Stole data over Net for 3 years, indictment says
From his home in Worcester, he called 911 in Seattle and Georgia, reporting nonexistent crimes that resulted in SWAT teams being dispatched.
He used stolen credit card numbers to shop online, at one point buying a Sony PlayStation 3. He hacked into computer networks at major companies, stealing information and wreaking havoc.
For a teenager, he caused a lot of damage.
Yesterday, the 17-year-old known online as "Dshocker," pleaded guilty in federal court to computer intrusion, interstate threats, and wire fraud.
The teen, who was identified in court papers by his initials, N.H., is expected to be sentenced at a later date, but has agreed to a plea agreement that calls for an 11-month sentence in a juvenile detention facility. As an adult, he could have faced 10 years in prison and a $250,000 fine.
Federal officials would not identify him yesterday. They would not comment on the case, because he is a juvenile.
But a federal indictment alleges Dshocker engaged in computer and wire fraud over a three-year period, terrorizing police departments with scams and computer networks with viruses.

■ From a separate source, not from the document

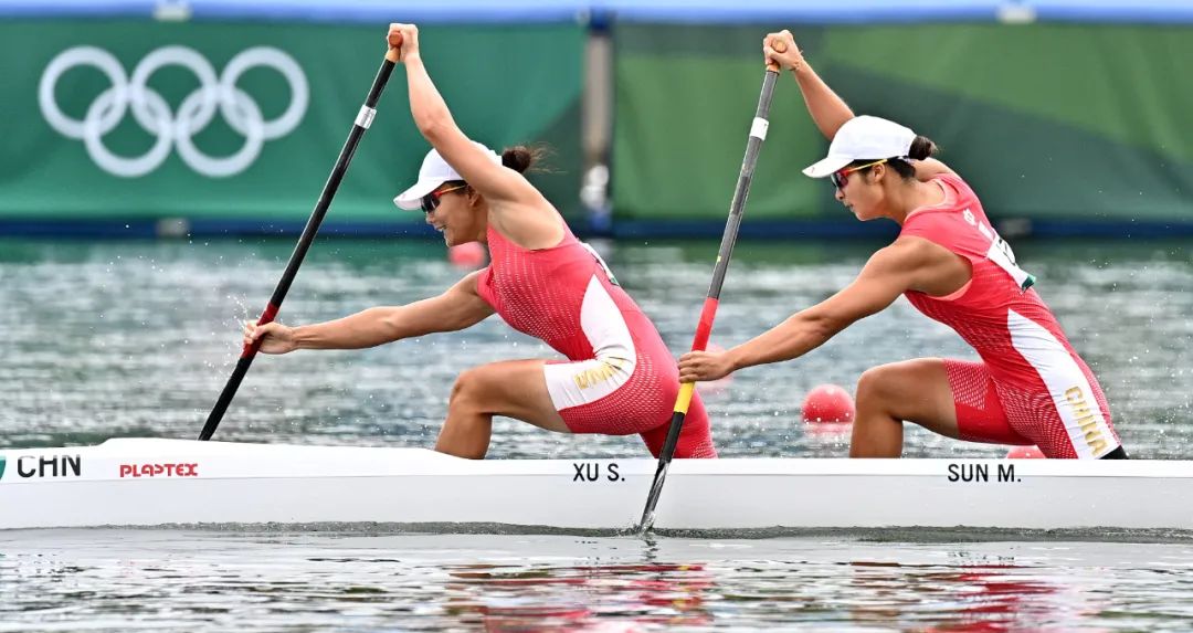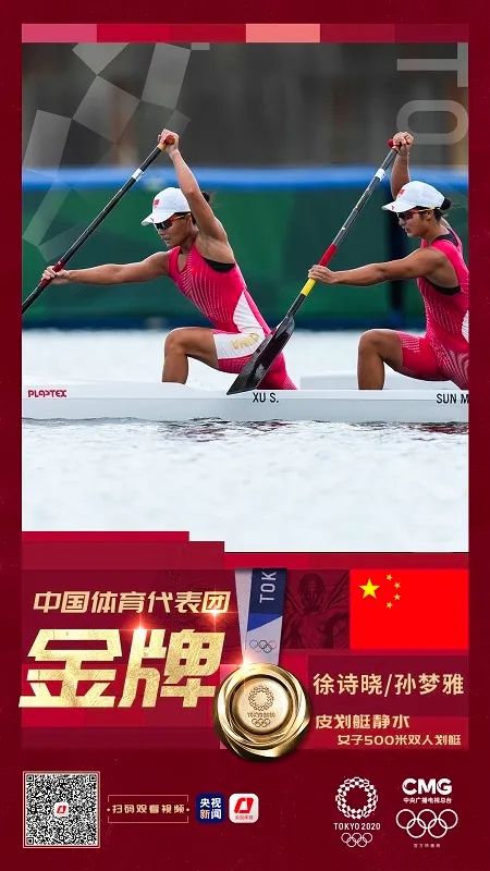 8月7日,東京奧運會女子500米雙人劃艇決賽中國組合徐詩曉/孫夢雅以1分55秒495奪得金牌

From November 2005 to January 2008 he had controlled "botnets," networks of thousands of computers infected with a malicious software code, according to the indictment. Using the Internet to control the botnets without the knowledge of the machines' owners, he would perform attacks on other computers with the aid of a control server that would command thousands of infected machines to flood other networks with requests, causing them to crash.

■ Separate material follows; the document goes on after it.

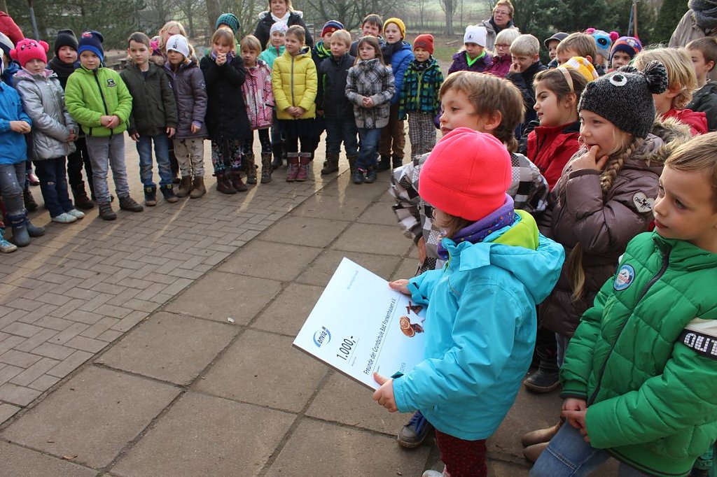 Die Schüler überraschten den Gast, den als Angela Schröter die Nullen auf dem Scheck abdeckte und nach und nach freigab, kannte man die Zahlen schon, von 1 über 10 bis zur 100 und dann der 1.000, denn der Scheck hatte einen Wert von 1.000 Euro.

Dshocker obtained stolen credit card numbers and purchased items over the Internet. To evade arousing suspicion of credit card companies, he had packages sent to the homes of the card holders whose identities he had stolen. But before the packages arrived at their destinations, a confederate who worked at a major shipping company would reroute the packages to Dshocker's home, the indictment said.
From January 2008 to May 2008, he made 911 calls to police departments across the country, reporting bomb threats or that an armed gunman was at a school - hoaxes known as "swatting." To disguise his identity on those calls, he used a process of fooling caller identification equipment with stolen names and phone numbers, known as caller ID spoofing, the indictment said. He obtained addresses and phone numbers for the hoax by hacking into the records of Internet service providers.
Court records said he gained access to corporate computer systems, including the networks of Charter Communications, Road Runner, and Comcast, and would steal information about customers. In one case, he obtained information about software from an unidentified large electronics company and used those data to modify his own cable modem to get free Internet access.
In a written statement, prosecutors denounced the teen's alleged activities as a "serious risk of physical harm" to victims and a disruption of public services.
"Furthermore," the statement said, "the defendant's hacking activities were disruptive to major companies' computer systems, and they wreaked havoc on tens of thousands of computers that were compromised."